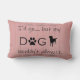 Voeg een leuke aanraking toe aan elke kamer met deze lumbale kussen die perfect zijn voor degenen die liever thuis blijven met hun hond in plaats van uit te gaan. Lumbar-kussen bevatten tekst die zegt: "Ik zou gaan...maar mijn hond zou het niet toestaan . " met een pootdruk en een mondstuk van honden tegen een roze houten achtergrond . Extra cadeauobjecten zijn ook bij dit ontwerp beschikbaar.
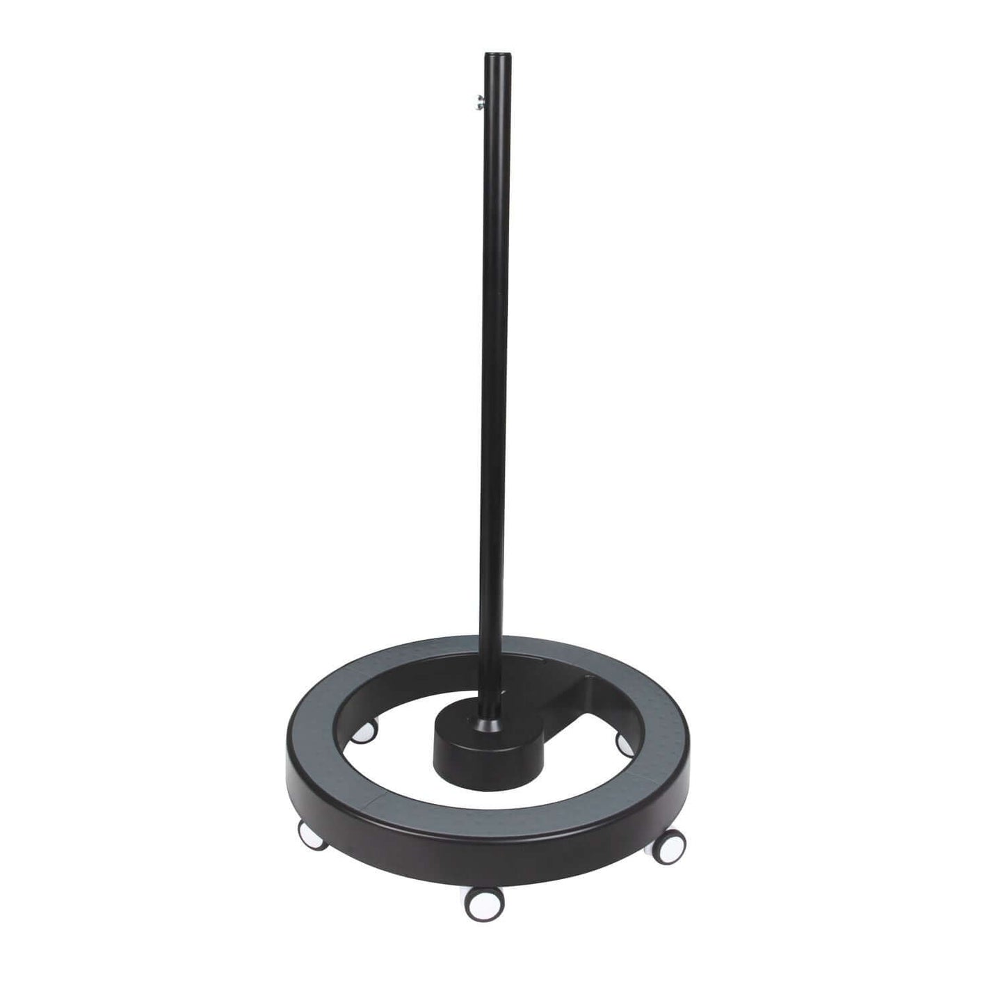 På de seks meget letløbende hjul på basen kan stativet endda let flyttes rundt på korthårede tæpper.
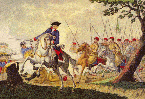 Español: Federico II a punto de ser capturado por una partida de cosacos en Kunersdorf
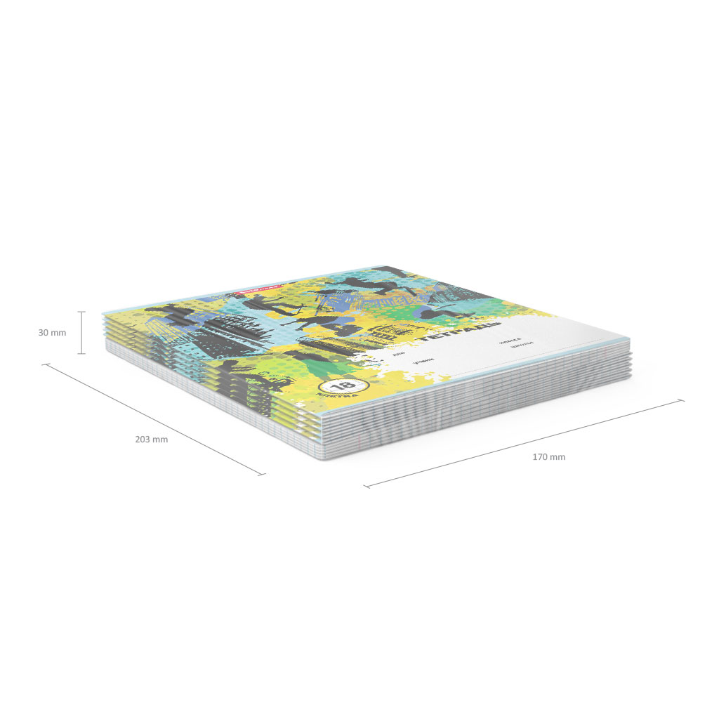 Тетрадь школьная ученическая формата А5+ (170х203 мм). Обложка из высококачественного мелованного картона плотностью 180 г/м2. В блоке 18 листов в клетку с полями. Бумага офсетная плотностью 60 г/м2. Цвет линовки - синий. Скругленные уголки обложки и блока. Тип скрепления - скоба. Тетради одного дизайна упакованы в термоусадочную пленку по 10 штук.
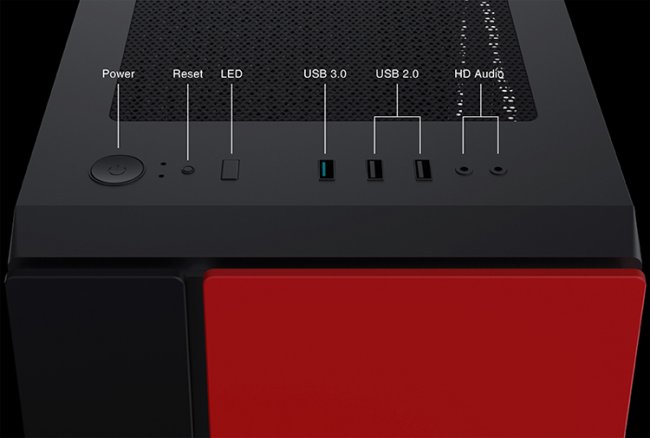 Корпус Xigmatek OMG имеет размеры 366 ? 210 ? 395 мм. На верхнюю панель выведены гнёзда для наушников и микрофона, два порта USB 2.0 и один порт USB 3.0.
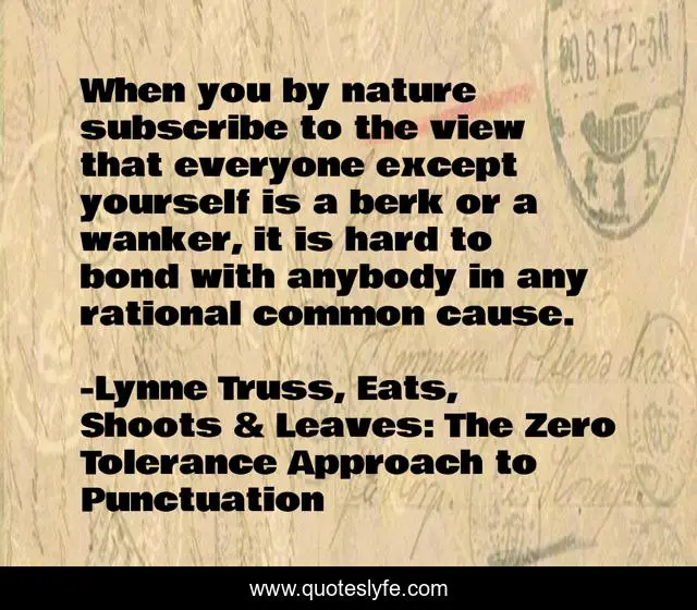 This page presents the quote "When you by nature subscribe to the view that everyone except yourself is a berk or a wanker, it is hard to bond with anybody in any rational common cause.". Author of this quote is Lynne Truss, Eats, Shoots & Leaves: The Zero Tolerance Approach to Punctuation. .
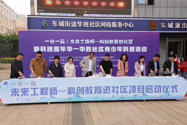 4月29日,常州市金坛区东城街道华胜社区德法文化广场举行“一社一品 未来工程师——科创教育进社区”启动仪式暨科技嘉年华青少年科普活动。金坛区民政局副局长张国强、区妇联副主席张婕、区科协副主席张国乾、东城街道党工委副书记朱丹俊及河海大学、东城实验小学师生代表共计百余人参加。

■ ■ ■ ■ ■ ■ ■

EXERCISE:
Could you transcribe every entry exactly, leaving out the pictures?

OUTPUT OF THE EXERCISE:
 Voeg een leuke aanraking toe aan elke kamer met deze lumbale kussen die perfect zijn voor degenen die liever thuis blijven met hun hond in plaats van uit te gaan. Lumbar-kussen bevatten tekst die zegt: "Ik zou gaan...maar mijn hond zou het niet toestaan . " met een pootdruk en een mondstuk van honden tegen een roze houten achtergrond . Extra cadeauobjecten zijn ook bij dit ontwerp beschikbaar.
 På de seks meget letløbende hjul på basen kan stativet endda let flyttes rundt på korthårede tæpper.
 Español: Federico II a punto de ser capturado por una partida de cosacos en Kunersdorf
 Тетрадь школьная ученическая формата А5+ (170х203 мм). Обложка из высококачественного мелованного картона плотностью 180 г/м2. В блоке 18 листов в клетку с полями. Бумага офсетная плотностью 60 г/м2. Цвет линовки - синий. Скругленные уголки обложки и блока. Тип скрепления - скоба. Тетради одного дизайна упакованы в термоусадочную пленку по 10 штук.
 Корпус Xigmatek OMG имеет размеры 366 ? 210 ? 395 мм. На верхнюю панель выведены гнёзда для наушников и микрофона, два порта USB 2.0 и один порт USB 3.0.
 This page presents the quote "When you by nature subscribe to the view that everyone except yourself is a berk or a wanker, it is hard to bond with anybody in any rational common cause.". Author of this quote is Lynne Truss, Eats, Shoots & Leaves: The Zero Tolerance Approach to Punctuation. .
 4月29日,常州市金坛区东城街道华胜社区德法文化广场举行“一社一品 未来工程师——科创教育进社区”启动仪式暨科技嘉年华青少年科普活动。金坛区民政局副局长张国强、区妇联副主席张婕、区科协副主席张国乾、东城街道党工委副书记朱丹俊及河海大学、东城实验小学师生代表共计百余人参加。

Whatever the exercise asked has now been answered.